__RECORDS PROVIDED__.
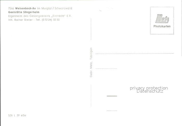 41768031 Weisenbach Murgtal Gaststaette Saengerheim postalisch nicht gelaufen Erhaltung siehe scans KatCode: 11110008216059
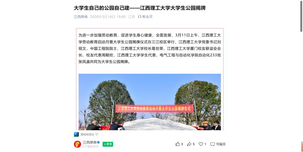 劳动教育启动月暨大学生公园揭牌仪式在三江校区举行,乳头高潮-女性乳头高潮
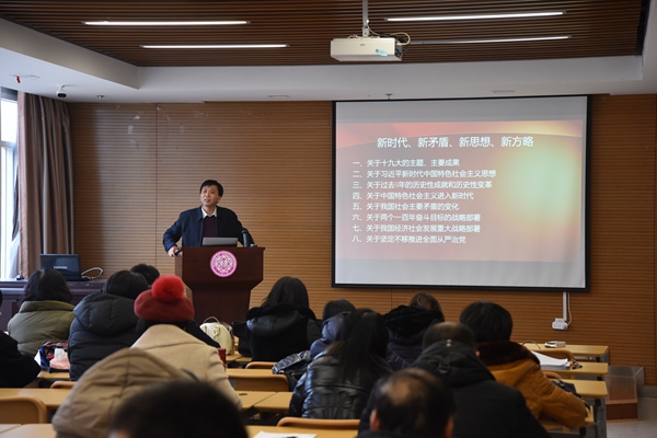 12月29日下午,太阳成tyc122cc召开全院教职工大会。王新生经理作为教育部党的十九大精神“百人宣讲团”成员,为全体教职工作了题为“新时代、新矛盾、新思想、新方略”的宣讲报告。
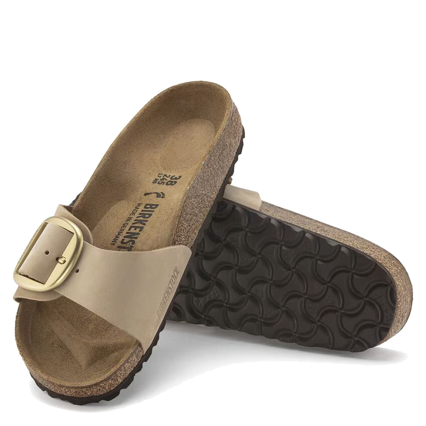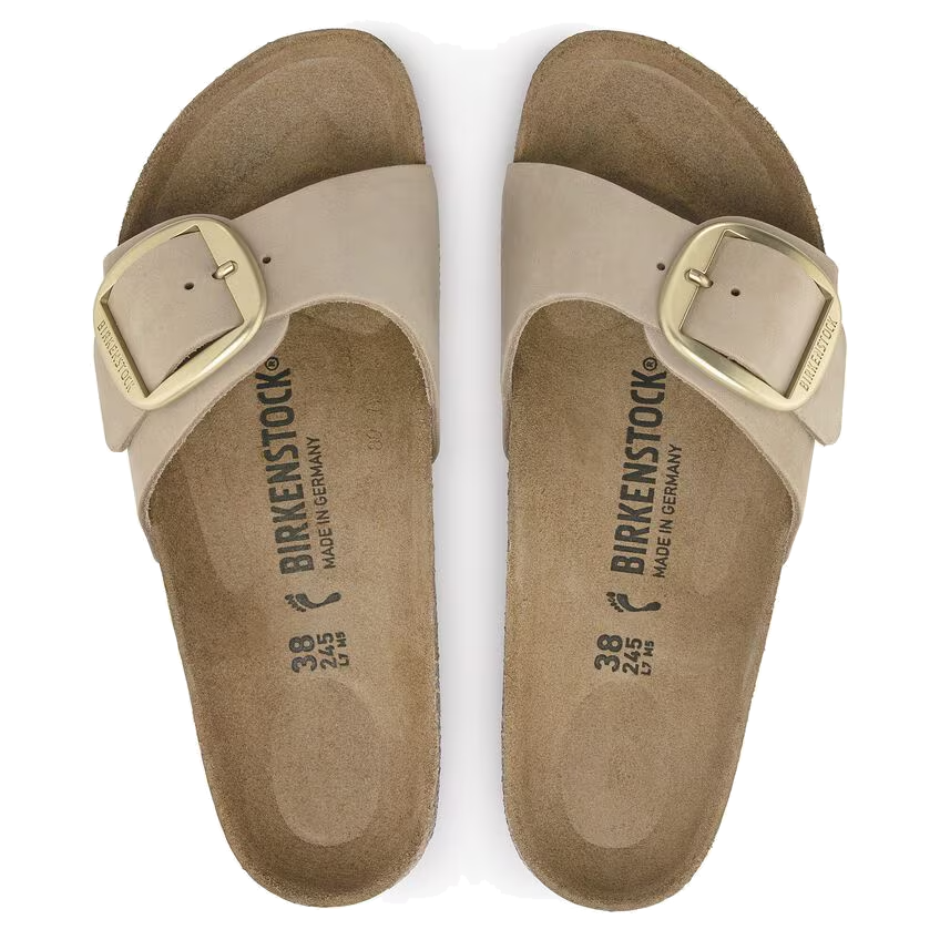 First introduced in 1963, the Madrid sandal quickly became a classic with its minimalist single-strap design. This season, it’s updated with soft nubuck leather and a standout oversized gold matte buckle, making a bold fashion statement. Plus, the sandal retains the comfort of the original BIRKENSTOCK footbed, designed to keep your feet feeling great all day long.
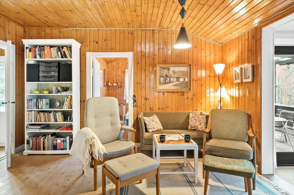 Dieses charmante Ferienhaus in Liseleje lädt zu entspannten Tagen mit der Familie in einer gemütlichen Atmosphäre ein. Das Wohnzimmer erstreckt sich über mehrere Ebenen und bietet gemütliche Ecken, in die du dich mit einem guten Buch zurückziehen oder einfach entspannen kannst. Der Essbereich grenzt an das Wohnzimmer und hat direkten Zugang zur Morgenterrasse, wo du den Tag mit einer frisch gebrühten Tasse Kaffee in der frischen Luft beginnen kannst. Die Küche ist vom Wohnzimmer getrennt und hat ihren eigenen Ausgang zu einem überdachten Innenhof. Die drei Schlafzimmer sorgen für erholsame Nächte nach einem erlebnisreichen Tag.
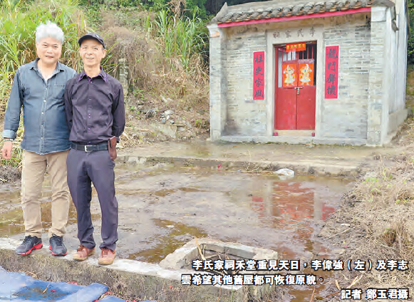 數月過去,李氏祠堂可說變得面目一新,新者是祠堂前有一片空地,這是「禾堂」,顧名思義,當年是曬穀的地方。李志雲說,老圍間間客家屋前都有禾堂,「好多活動都在這裏舉行,有個同村兄弟最威,結婚時在一排屋的禾堂擺了7天酒」,說起來幾十年前的事如在昨天。李偉強最緬懷少時往事,「煲落粥,我去田裏捉田雞,煲田雞粥,再摘通菜煮,同村裏兄弟傾天光,好開心」!

__WORK INSTRUCTION__. The lines from the start of the data through the line that contains "First introduced in" are to be returned exactly, please, with both ends included and every picture left out.

__RESPONSE TO THIS TASK__.
 41768031 Weisenbach Murgtal Gaststaette Saengerheim postalisch nicht gelaufen Erhaltung siehe scans KatCode: 11110008216059
 劳动教育启动月暨大学生公园揭牌仪式在三江校区举行,乳头高潮-女性乳头高潮
 12月29日下午,太阳成tyc122cc召开全院教职工大会。王新生经理作为教育部党的十九大精神“百人宣讲团”成员,为全体教职工作了题为“新时代、新矛盾、新思想、新方略”的宣讲报告。
 First introduced in 1963, the Madrid sandal quickly became a classic with its minimalist single-strap design. This season, it’s updated with soft nubuck leather and a standout oversized gold matte buckle, making a bold fashion statement. Plus, the sandal retains the comfort of the original BIRKENSTOCK footbed, designed to keep your feet feeling great all day long.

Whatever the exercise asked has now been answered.